Posted - 07/29/2008 :  4:03:25 PM  Show Profile  Visit Nelson458's Homepage  Reply with Quote
quote:
Originally posted by Frederic Testard

Wonderful scene, Tony. How did you make the coat rack? And the hat and umbrella (same technique as the coat?)
If the coat and umbrella were really wet when hanged, you might consider add some damp patches to the floor below them.
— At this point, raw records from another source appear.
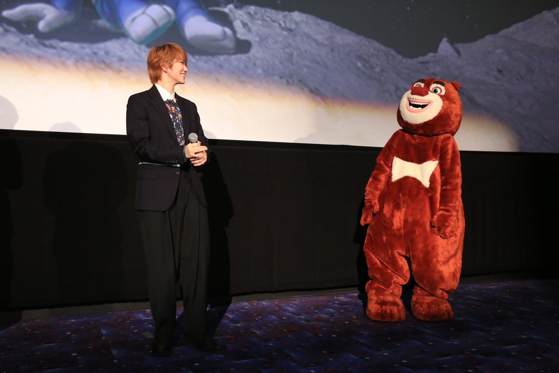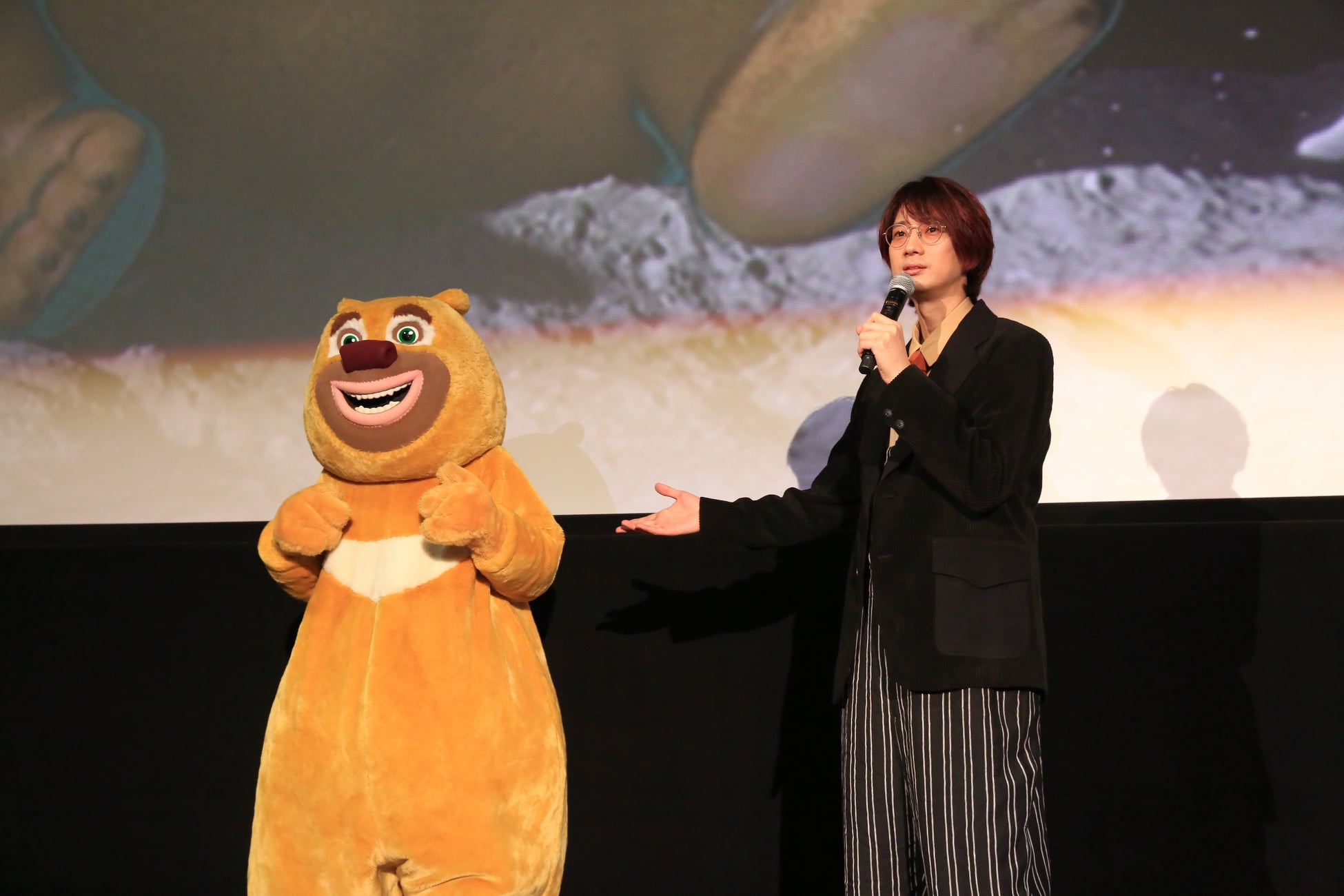 上映後には、江口拓也(くまじろう役)、七海ひろき(アブ役)、さらにくまじろうとくまたろうが登壇。MCからの質問に応じて、映画の見どころやアフレコ時のエピソードが披露され、会場は笑顔あふれる賑やかで楽しい雰囲気に包まれました。
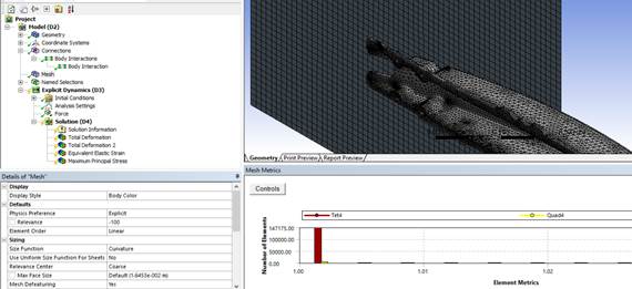 This settings were also included in Ansys for the corresponding simulation time, based on various tests performed at 0.002 seconds with a several test cycles. We also worked with the AUTODYN Standard Hourglass model, which is the most appropriate for the model to be tested because this option allows us to simulate a scenario in which the impact energy deformation of the attenuator without causing rebound.
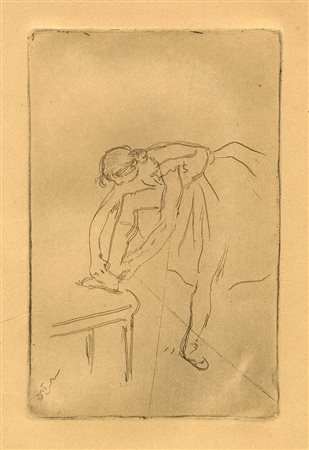 Lotto 261 Edgar Degas, Danseuse mettant son chausson. 1892. Acquaforte. mm 180x114. Foglio: mm 325x250. DELTEIL, 36. (1)
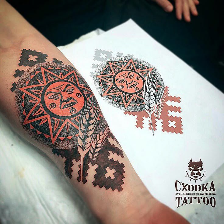 • тату обереги славян символы – схематичные рисунки часто ассоциировались с богами и несли в себе глубокое значение. Большая часть символов является солярными, то есть имеющими форму круга и посвященными солнцу. Это свастики с разным количеством спиц, вписанные в круг. Самый известный вариант – тату коловрат – солнечное колесо, которое помогает устранять любые проблемы;
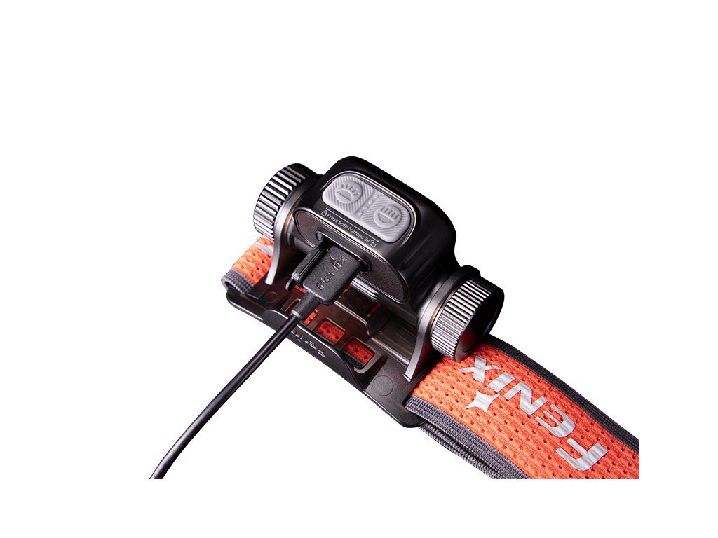 Odklopte krytku USB-C konektora a zapojte priložený nabíjací kábel, druhý koniec kábla zapojte do počítača, powerbanky alebo USB adaptéra do elektrickej siete, či auta (nie sú súčasťou balenia). Počas nabíjania stavové LED ukazujú priebeh nabíjania. Po skončení nabíjania svietia všetky štyri. Nabitie úplne vybitého akumulátora trvá cca 3 hodiny. Počas nabíjania je možné čelovku používať iba v nízkom režime hlavného alebo sekundárneho reflektora.
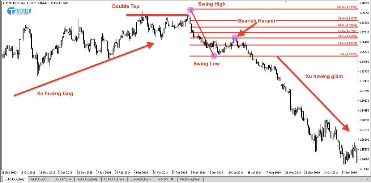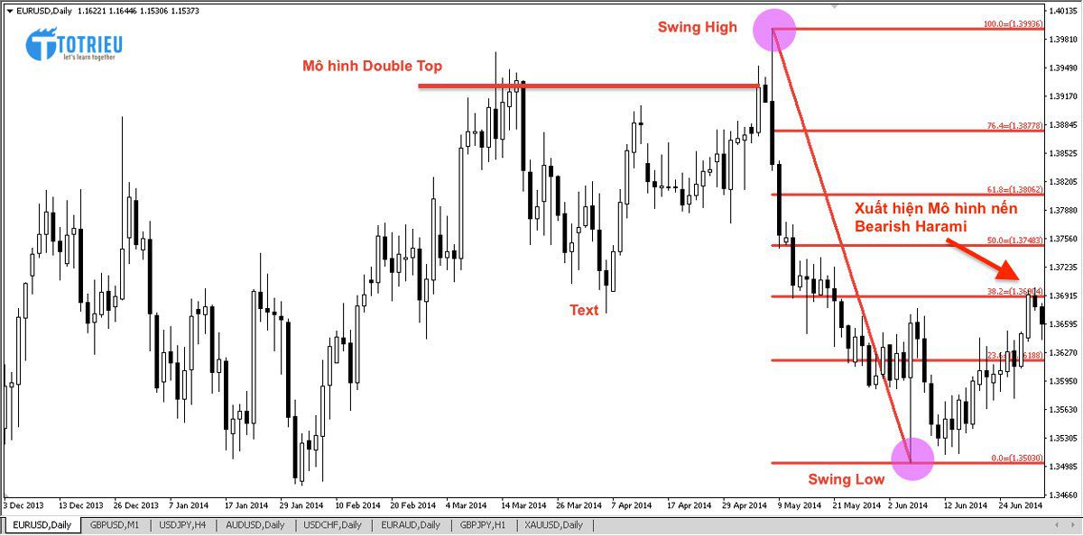 Ngay say đó, xuất hiện Mô hình nến Bearish Harami ngay ở mức kháng cự 38.2%, là mô hình nến đảo chiều từ tăng sang giảm. Mô hình này báo hiệu lực mua đã cạn kiệt và tất cả các nhà giao dịch đang tiến hành chốt lời để kết thúc việc mua trong ngắn hạn và chuẩn bị cho vị thế mới: Sell trong dài hạn.

hi Frederic, the hat and umbrella were individual items in a Preiser set I had, cannot tell you which one, I tend to bunch them all together so I don't have to go through so many boxes when searching for that right figure. The coat rack was built using my HO scale chisels and lathe. You know, the one in the machine shop [:-bouncy]. Well, got you thinking for a second [:-clown]. It was a Scale Structures kit, which includes a water cooler. I thought about including the cooler, but am not sure they were around in the 30's or so, but I might put it in anyway. The water drops are there, HO scale of course, can't you see them? They are about .001" wide. There I go again, really, I had thought about the water drops, but in reality, I think they would have dried up pretty quick, and showing water drops on wood in that scale, looks a bit out of scale. Would have to include a lot to be able to see them, plus it was near a warm stove, so wouldn't have time to stay wet too long.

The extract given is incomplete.